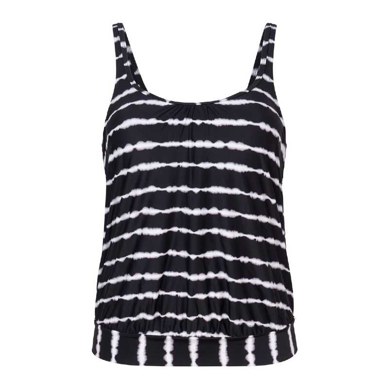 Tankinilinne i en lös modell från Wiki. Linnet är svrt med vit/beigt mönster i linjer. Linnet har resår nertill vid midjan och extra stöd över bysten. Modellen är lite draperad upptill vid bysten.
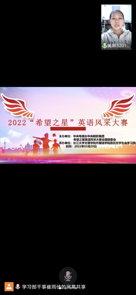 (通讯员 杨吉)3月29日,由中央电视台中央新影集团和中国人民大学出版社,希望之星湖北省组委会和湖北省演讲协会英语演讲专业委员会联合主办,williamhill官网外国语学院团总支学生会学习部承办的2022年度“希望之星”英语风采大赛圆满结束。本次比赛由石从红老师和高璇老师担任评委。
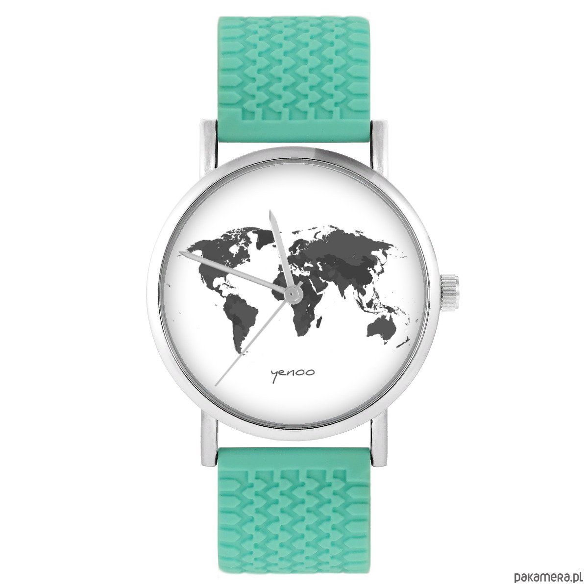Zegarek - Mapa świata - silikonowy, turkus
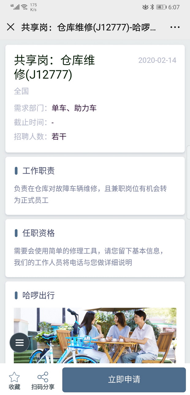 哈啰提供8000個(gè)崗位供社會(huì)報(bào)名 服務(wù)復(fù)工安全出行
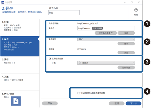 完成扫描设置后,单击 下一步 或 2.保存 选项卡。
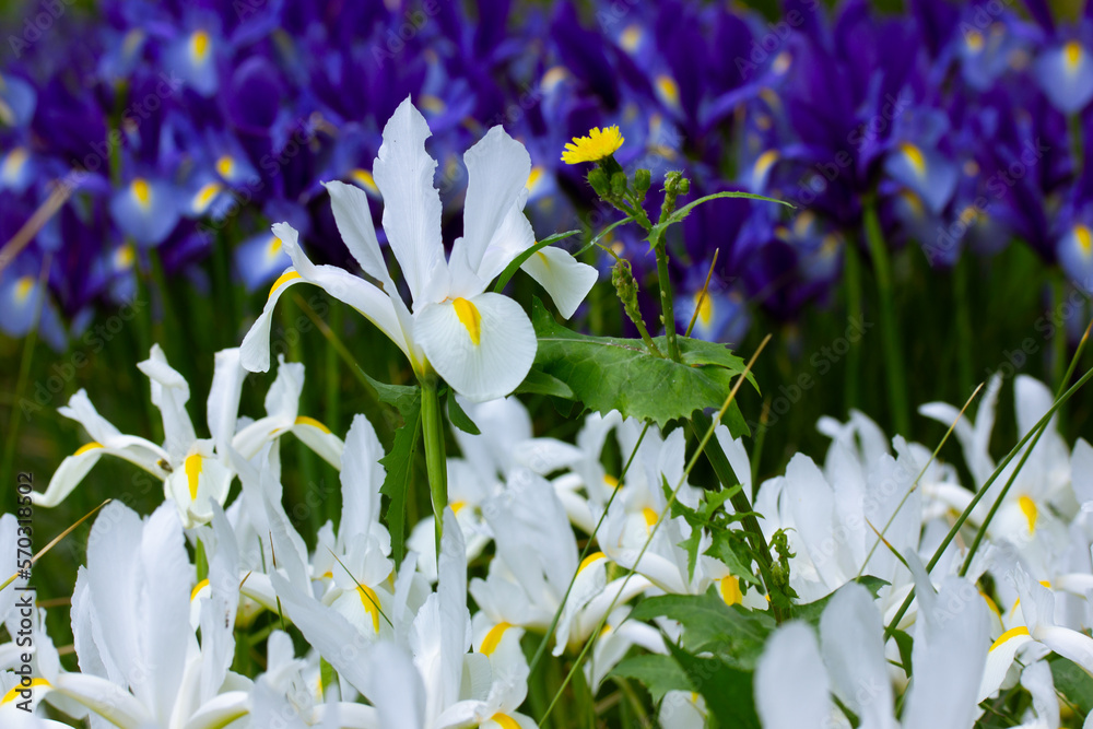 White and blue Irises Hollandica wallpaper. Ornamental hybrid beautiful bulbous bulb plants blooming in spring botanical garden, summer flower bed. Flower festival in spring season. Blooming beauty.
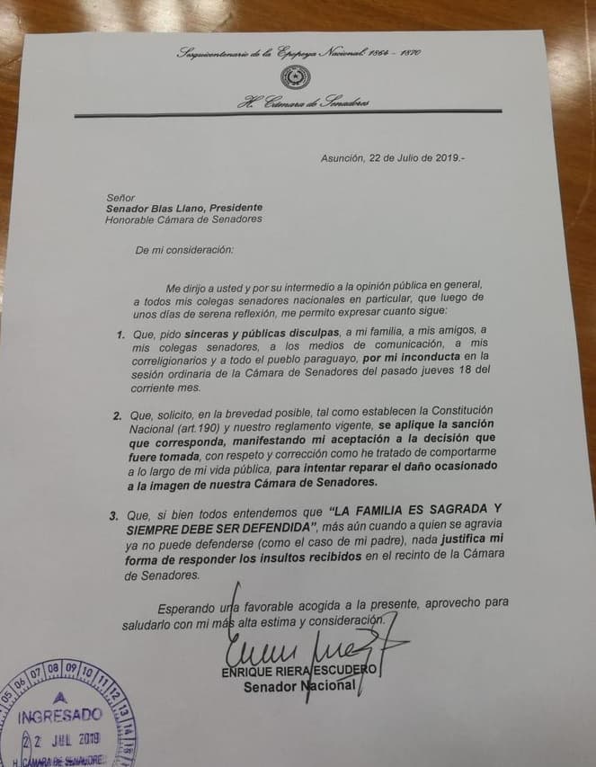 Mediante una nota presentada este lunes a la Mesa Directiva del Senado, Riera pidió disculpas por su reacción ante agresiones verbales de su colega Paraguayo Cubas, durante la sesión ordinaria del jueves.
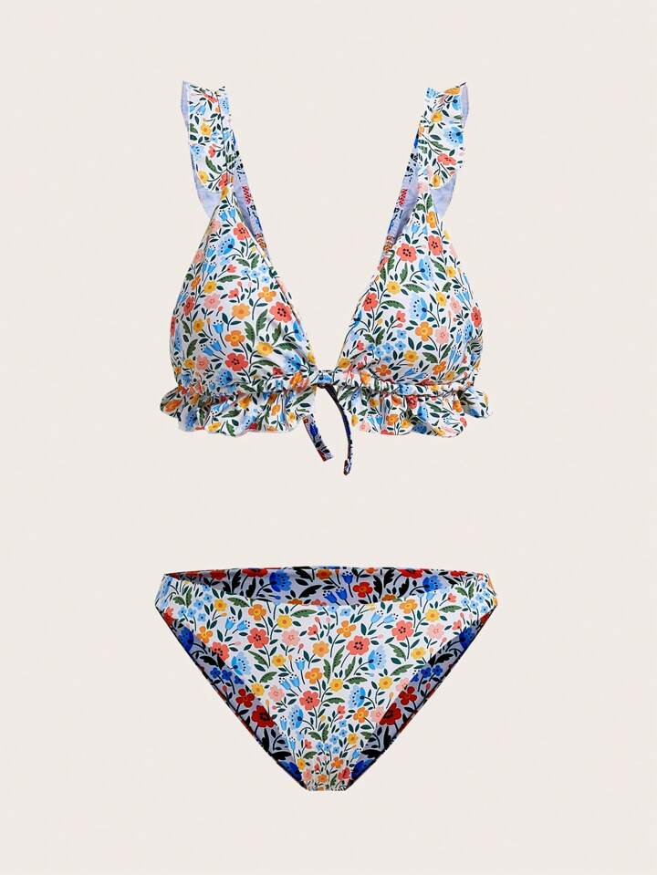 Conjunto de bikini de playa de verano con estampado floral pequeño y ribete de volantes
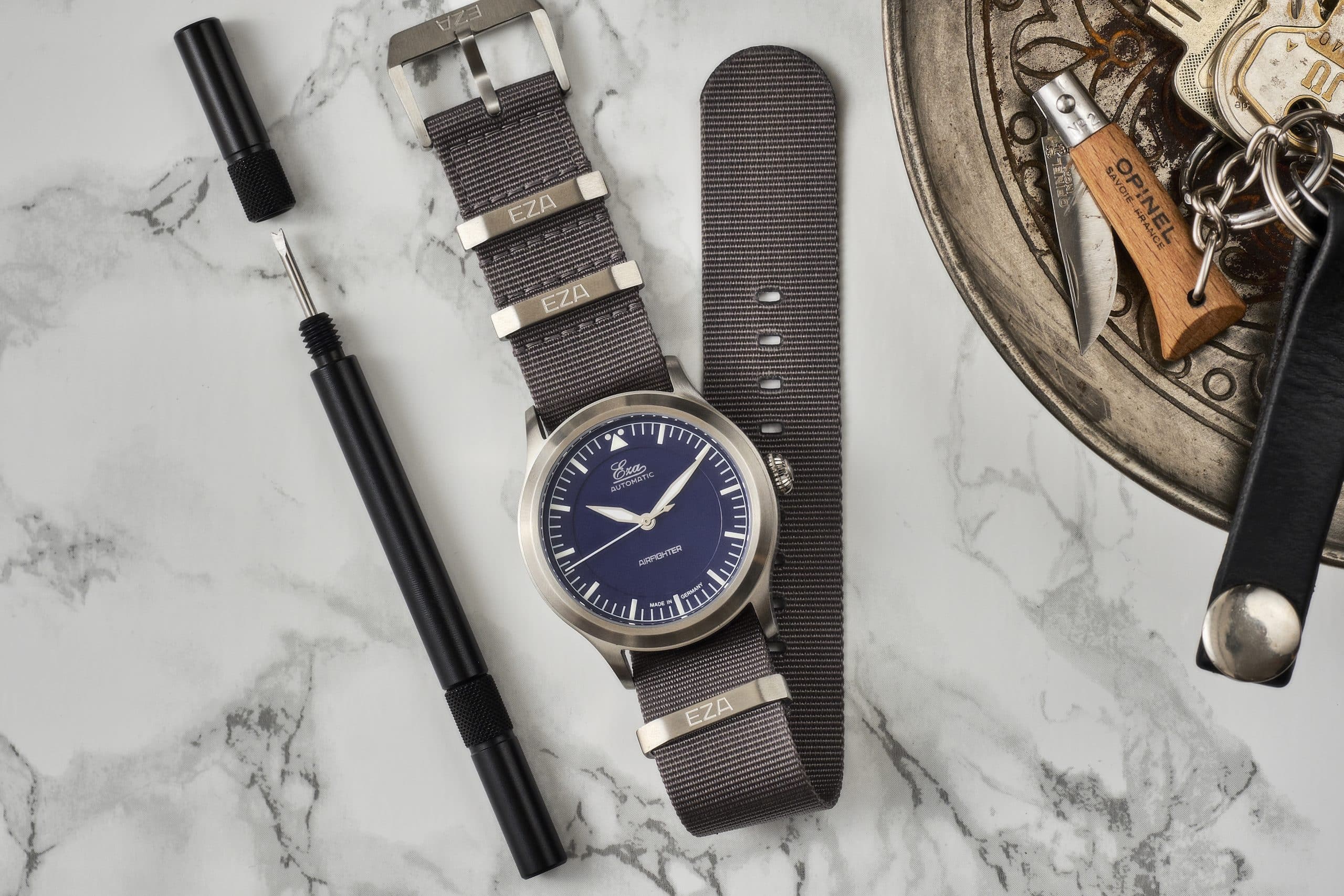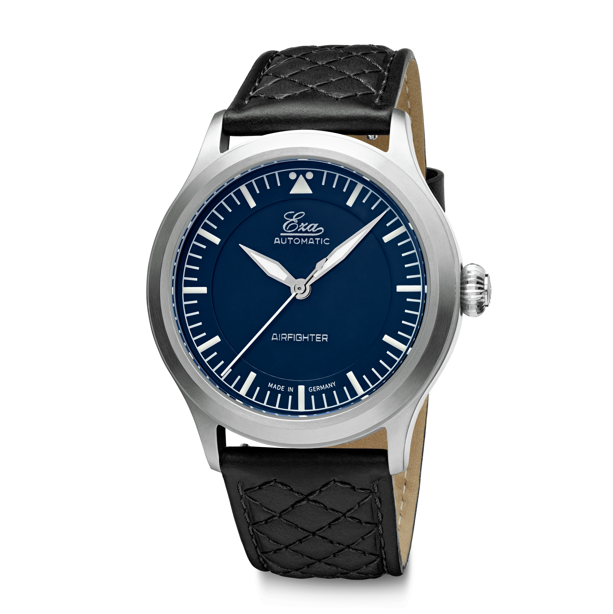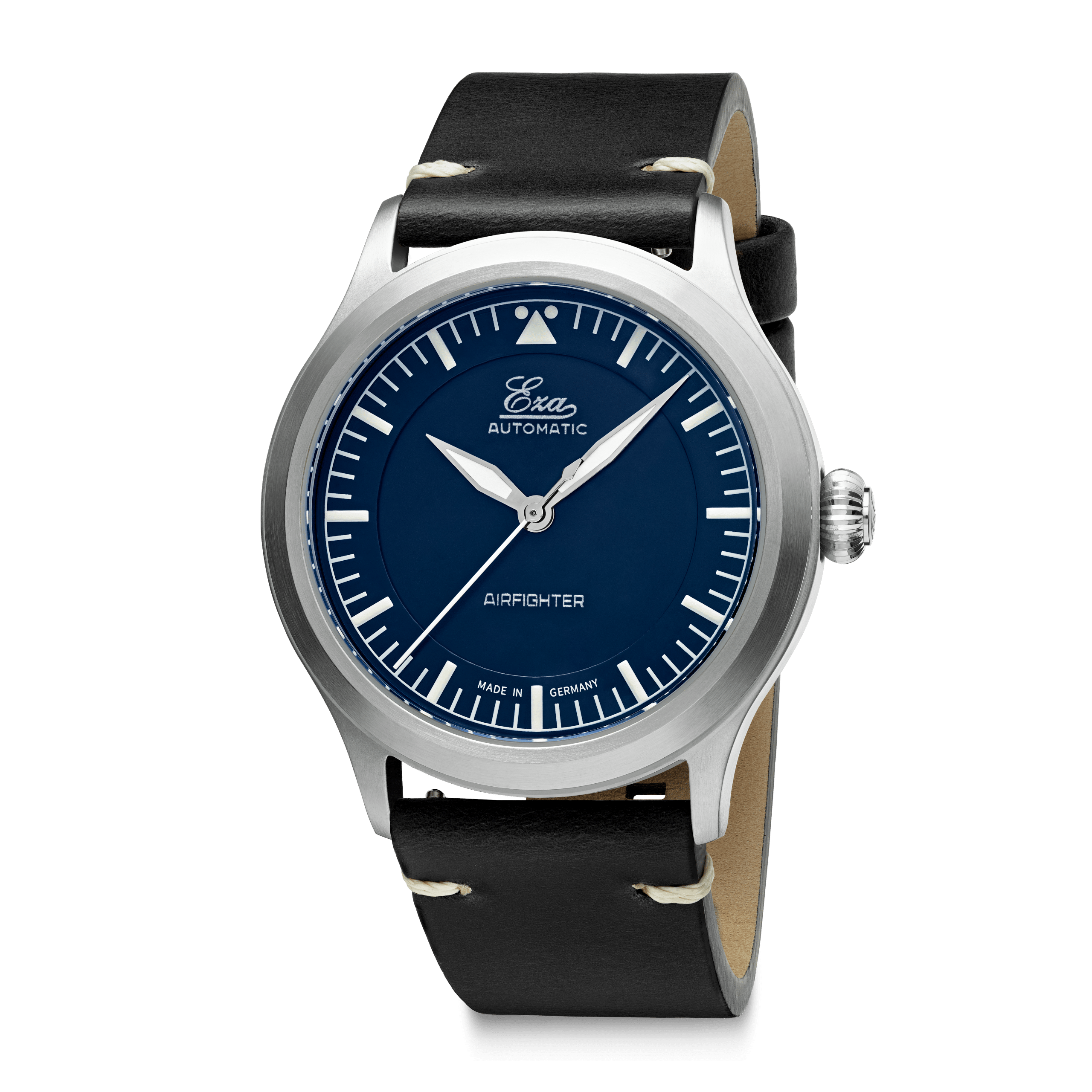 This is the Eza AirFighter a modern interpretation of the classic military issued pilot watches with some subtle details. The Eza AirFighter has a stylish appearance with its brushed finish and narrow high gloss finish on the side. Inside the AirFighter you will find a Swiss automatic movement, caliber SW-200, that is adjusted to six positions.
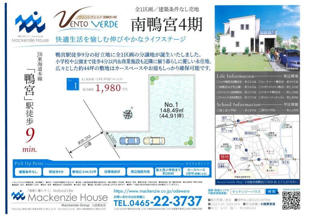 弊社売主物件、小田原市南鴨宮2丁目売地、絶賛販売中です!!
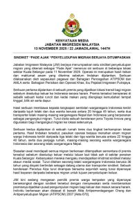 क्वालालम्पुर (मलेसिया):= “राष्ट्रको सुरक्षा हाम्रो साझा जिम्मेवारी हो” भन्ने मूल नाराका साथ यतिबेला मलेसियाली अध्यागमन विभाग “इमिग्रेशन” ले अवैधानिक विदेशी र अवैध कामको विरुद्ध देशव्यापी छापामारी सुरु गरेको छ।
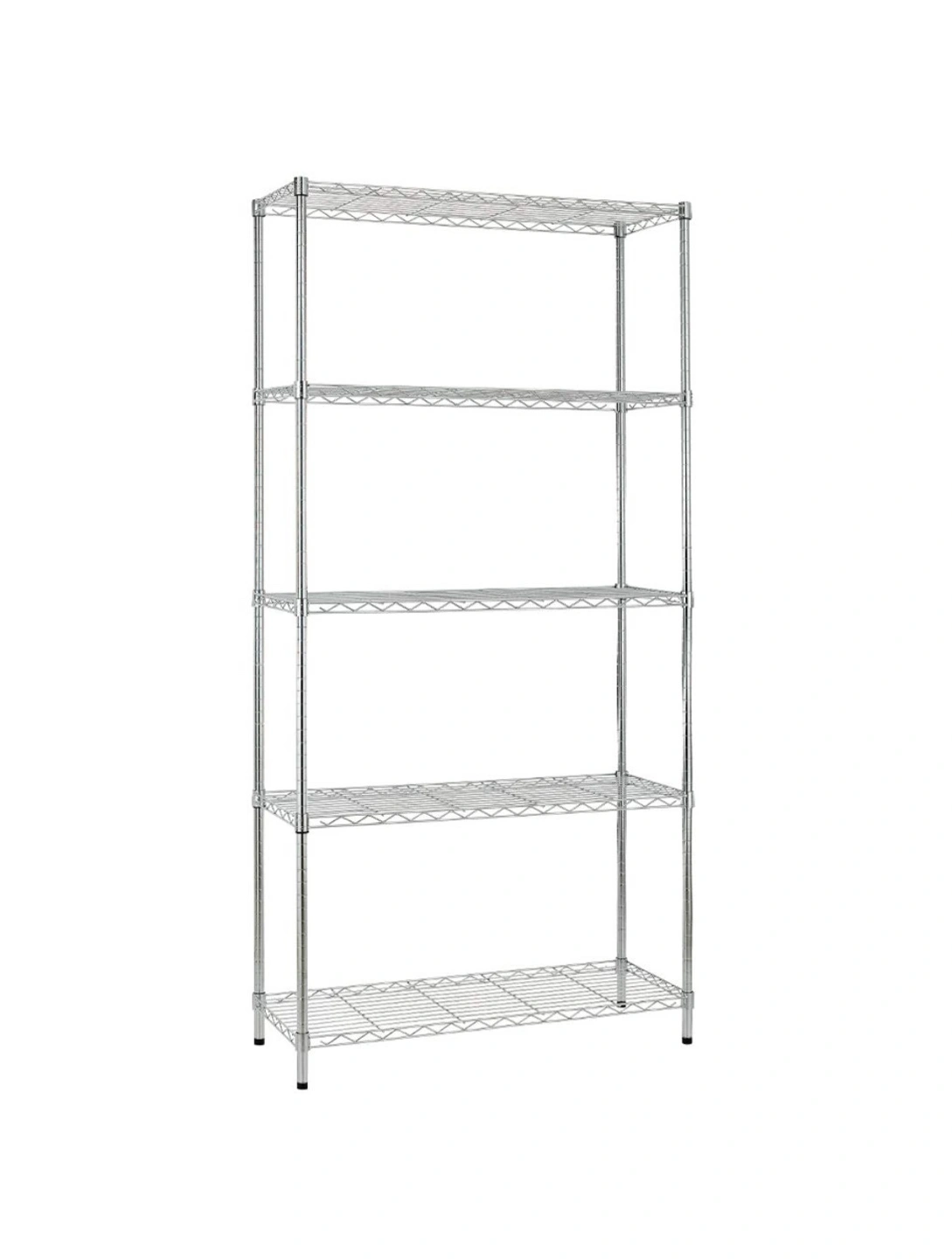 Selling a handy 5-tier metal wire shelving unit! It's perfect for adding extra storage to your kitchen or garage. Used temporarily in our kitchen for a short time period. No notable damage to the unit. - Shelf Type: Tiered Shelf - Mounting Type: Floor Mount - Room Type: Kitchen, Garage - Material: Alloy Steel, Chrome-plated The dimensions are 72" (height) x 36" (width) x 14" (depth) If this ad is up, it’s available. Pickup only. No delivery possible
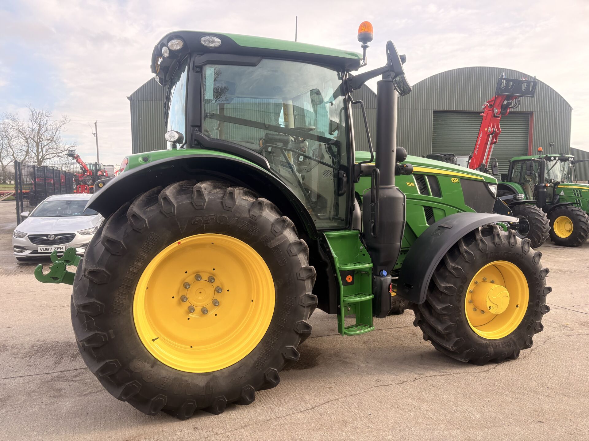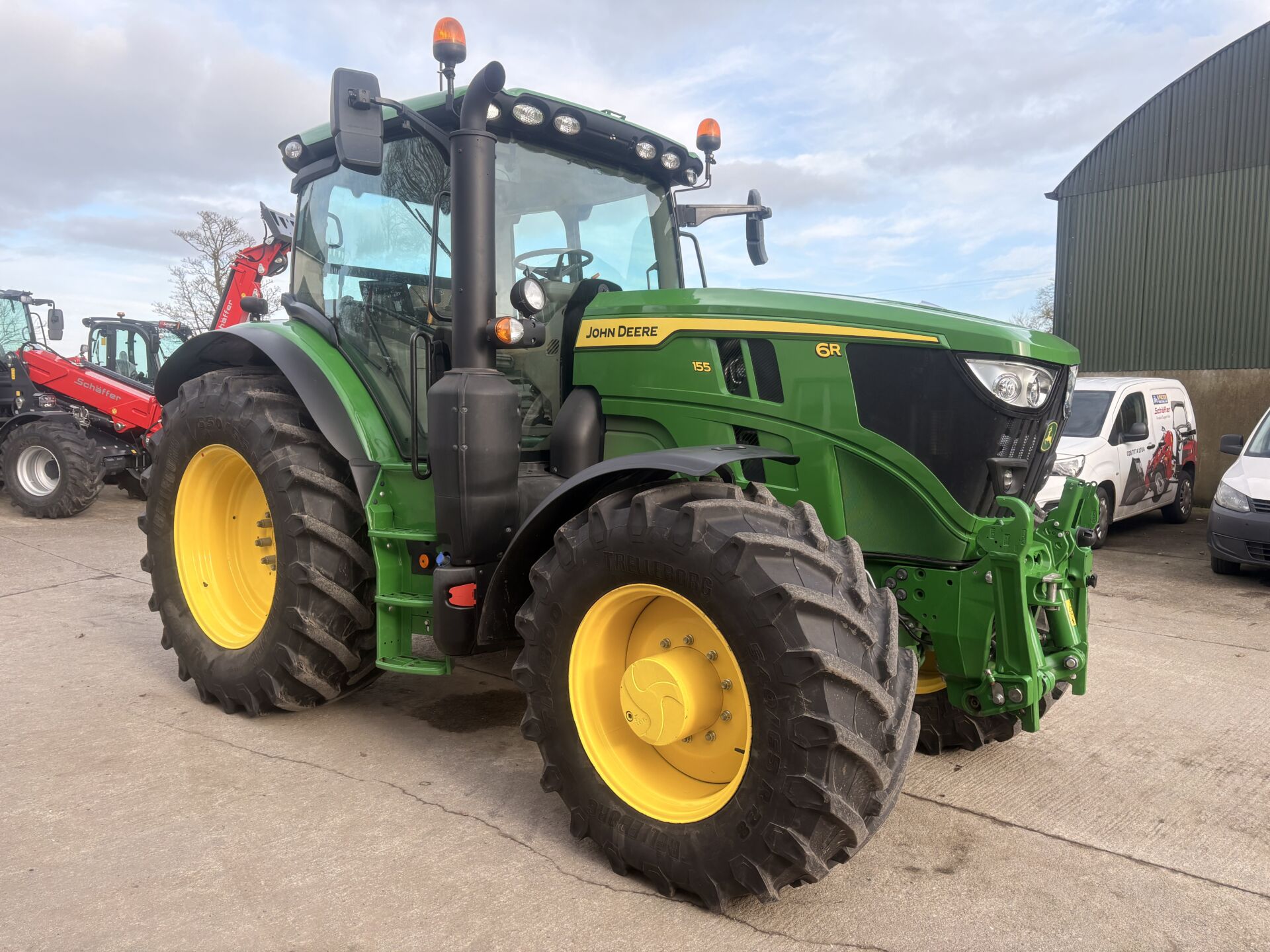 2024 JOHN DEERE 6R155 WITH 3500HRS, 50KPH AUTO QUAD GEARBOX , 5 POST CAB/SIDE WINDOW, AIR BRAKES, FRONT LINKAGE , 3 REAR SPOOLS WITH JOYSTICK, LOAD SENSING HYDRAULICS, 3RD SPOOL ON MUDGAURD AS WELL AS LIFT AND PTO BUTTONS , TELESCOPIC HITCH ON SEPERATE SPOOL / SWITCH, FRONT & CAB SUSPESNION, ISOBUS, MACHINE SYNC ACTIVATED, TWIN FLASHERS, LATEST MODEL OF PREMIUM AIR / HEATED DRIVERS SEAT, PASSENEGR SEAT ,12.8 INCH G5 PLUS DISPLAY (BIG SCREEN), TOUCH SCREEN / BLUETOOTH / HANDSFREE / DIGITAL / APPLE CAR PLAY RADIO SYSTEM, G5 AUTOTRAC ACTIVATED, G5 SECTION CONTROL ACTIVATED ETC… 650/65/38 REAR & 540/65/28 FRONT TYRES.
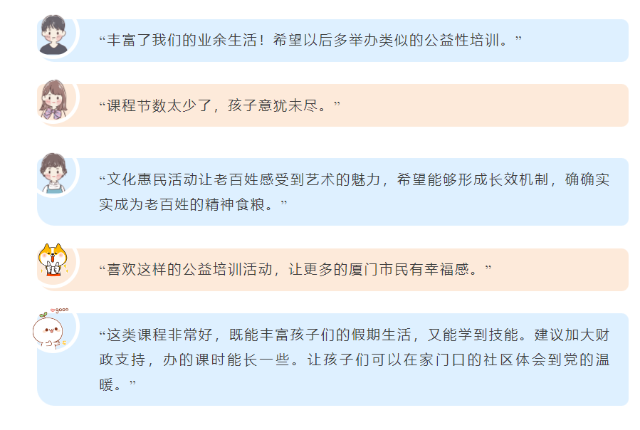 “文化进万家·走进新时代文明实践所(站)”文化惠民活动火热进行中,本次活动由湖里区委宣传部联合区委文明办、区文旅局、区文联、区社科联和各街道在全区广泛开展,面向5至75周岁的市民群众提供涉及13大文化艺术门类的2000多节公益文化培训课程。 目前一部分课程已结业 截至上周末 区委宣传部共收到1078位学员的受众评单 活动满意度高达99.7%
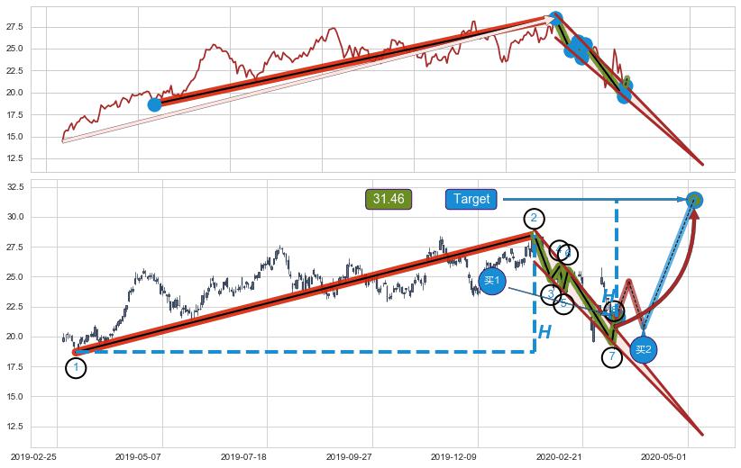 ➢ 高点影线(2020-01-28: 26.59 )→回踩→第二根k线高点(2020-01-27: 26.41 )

*WORK INSTRUCTIONS:*
In the records above, find the line with "Conjunto de bikini". Print exactly from there through the line with "सुरु गरेको छ।", minus the pictures.

*WRITTEN SOLUTION:*
 Conjunto de bikini de playa de verano con estampado floral pequeño y ribete de volantes
 This is the Eza AirFighter a modern interpretation of the classic military issued pilot watches with some subtle details. The Eza AirFighter has a stylish appearance with its brushed finish and narrow high gloss finish on the side. Inside the AirFighter you will find a Swiss automatic movement, caliber SW-200, that is adjusted to six positions.
 弊社売主物件、小田原市南鴨宮2丁目売地、絶賛販売中です!!
 क्वालालम्पुर (मलेसिया):= “राष्ट्रको सुरक्षा हाम्रो साझा जिम्मेवारी हो” भन्ने मूल नाराका साथ यतिबेला मलेसियाली अध्यागमन विभाग “इमिग्रेशन” ले अवैधानिक विदेशी र अवैध कामको विरुद्ध देशव्यापी छापामारी सुरु गरेको छ।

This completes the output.